- Battle of Gooja'ade: Part of the Las Anod conflict (2023–present)
| Date | 25 August 2023 |
| Location | Gooja'ade, outskirts of Las Anod, Sool, Somalia |
| Result | SSC-Khatumo Victory |

Belligerents
- Somaliland: SSC-Khatumo

Commanders and leaders
- Faisal Bootaan (POW): Abdikhadir Ahmed Aw-Ali

Casualties and losses
- Unknown: Unknown

= Fall of Goojacade =

2023 battle

The liberation of Gooja'ade (also written Goojacade, Gooja'adde or Goojaadde) was a major military engagement on 25 August 2023 during the 2023 Las Anod conflict. It involved forces of the self-declared Somaliland and the pro-unity SSC-Khatumo movement, fighting for control of the Gooja'ade (Gooja’adde) military base near Las Anod in the Sool region. SSC forces claimed to have overrun the base and seized equipment, a development widely reported as a significant setback for Somaliland.

== Background ==
Las Anod, capital of the Sool region, has long been contested between Somaliland and local groups favoring union with the Federal Government of Somalia. In early 2023, violence escalated into open conflict after protests in Las Anod turned into an armed uprising. The SSC (Sool, Sanaag and Cayn) movement reorganized into SSC-Khatumo forces, seeking to expel Somaliland troops from the region. Gooja'ade base, positioned on the approaches to Las Anod, became a crucial stronghold for Somaliland’s military.

== Prelude ==
Months of fighting around Las Anod created heavy displacement and civilian suffering. By August 2023, SSC-Khatumo forces had taken control of several villages and were preparing to assault the last major Somaliland positions around the city. Gooja'ade was viewed as the gateway to Somaliland’s military presence in Sool.

== The battle ==
On 25 August 2023, SSC fighters launched a coordinated assault on the Gooja'ade base. Reports described intense gunfire and mortar shelling, lasting several hours. By the end of the day, SSC-Khatumo forces announced they had captured the base, seized vehicles, weapons, and detained Somaliland soldiers. Somaliland officials admitted setbacks but contested the scale of the losses. Independent observers could not immediately verify all battlefield claims.

== Casualties ==
Casualty figures remain disputed. SSC sources claimed dozens of Somaliland soldiers were killed or captured, while Somaliland authorities downplayed the losses. Civilian sources later reported injuries from shelling and unexploded ordnance in the area. Human rights groups expressed concern about the treatment of prisoners and the humanitarian toll of the wider Las Anod fighting.

== Aftermath ==
In the aftermath of the offensive, the Somaliland Ministry of Defense released a statement stating that its army withdrew from their positions in the eastern part of the Sool region for "strategic military purposes and is in the phase of reorganizing and preparing to counter the enemy."

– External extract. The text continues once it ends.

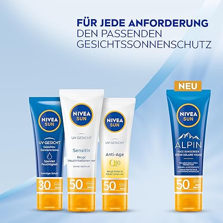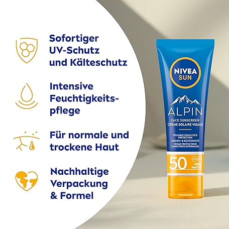 Thông tin sản phẩm NIVEA SUN UV Face Alpine Sun Cream, Protective Face Care with SPF 50, Sun Protection for Sensitive Skin, Instant UV and Cold Protection in Winter (50 ml)

The fall of Gooja'ade was hailed by SSC-Khatumo supporters as a turning point in the Las Anod conflict. Somaliland’s government vowed retaliation and reiterated its claims over Sool. International actors, including the UK and Amnesty International, renewed calls for ceasefire and dialogue. The battle highlighted the fragility of security in northern Somalia and intensified the humanitarian crisis in the Sool region.